When considering the Defendants' motion for summary judgment, the court gave the Plaintiffs the benefit of the doubt with respect to their argument that subjective bad faith could support civil contempt sanctions even when there exists a fair ground of doubt that a creditor's debt was excepted from discharge. After further consideration and review of applicable law, the court now believes that the Supreme Court's dicta in Taggart about bad faith means that it may be considered for purposes of sanctions only after an objective determination of civil contempt. See Mellem v. Mellem (In re Mellem), 625 B.R. 172, 178 (B.A.P. 9th Cir. 2021), aff'd, No. 21-60020, 2021 WL 5542226 (9th Cir. Nov. 26, 2021) (interpreting Taggart to find that while subjective good or bad faith is not controlling, bad faith may be sufficient to impose contempt sanctions); In re LeGrand, 612 B.R. 604, 613 (Bankr. E.D. Cal. 2020) (finding that "Taggart clarifies that the standard to find civil contempt is objective, but subjective good or bad faith may affect the size of the range of losses attributable to noncompliance with the [discharge] injunction.").

Even if the court could hold the Defendants in contempt and impose sanctions under a subjective standard, the Plaintiffs did not meet their burden at trial of showing that the Defendants initiated the Civil Actions in bad faith. The Plaintiffs assert predominantly that the Defendants misrepresented that they purchased their shares in JFOV from the Plaintiffs.
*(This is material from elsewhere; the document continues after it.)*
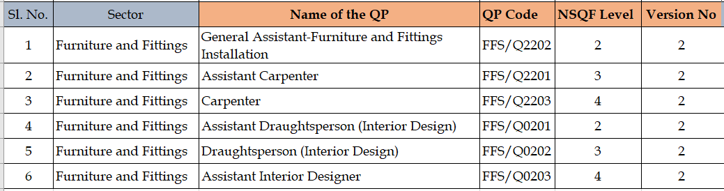 - Multipurpose Draughtsperson (Design and Build) at Level 3 with specializations in Interior Designing and Furniture Designing.

The Plaintiffs contend that the Defendants purchased their shares from the Heyls and only sought relief from the Plaintiffs after failed actions for recovery from the Heyls. In support of this contention, the Plaintiffs introduced into evidence several documents, each titled Agreement for Assignment of Ownership Share JFOV, LLC. Each of these agreements reflects the transfer of a charter ownership interest in JFOV from one of the Heyls as "Assigning Member," with the consent of Richard Heyl and/or John Palczuk as "Managing Members," to one of the Defendants. The testimonial evidence established that the Plaintiffs and the Heyls were all members of JFOV, with Richard Heyl and John Palczuk being the managing members. The distinction of "Assigning Member" suggests that one of the members was transferring shares on behalf of JFOV, and the Plaintiffs presented no evidence that convinces the court that the Defendants purchased their shares from the Heyls in an individual capacity separate from their joint relationship with the Plaintiffs in JFOV.

The Plaintiffs next argue that the Defendants initiated the State Court Action in bad faith, because they knew they would be barred from obtaining a judgment because of applicable statutes of limitation and repose. The court is not persuaded that the timing of the State Court Action is indicative of bad faith. A statute of limitations does not generally bar an action from being filed but merely provides an affirmative defense supporting dismissal of the action. This court declines to assume how the state court would rule on a statute of limitations defense if raised but notes that the Defendants initiated the State Court Action shortly after the Plaintiffs pleaded guilty to selling unregistered securities. Even if the guilty pleas were not the trigger of the applicable statute of limitations, North Carolina courts recognize that "equitable doctrines may toll statutes of limitation." Monson v. Paramount Homes, Inc., 133 N.C.App. 235, 240, 515 S.E.2d 445, 449 (1999).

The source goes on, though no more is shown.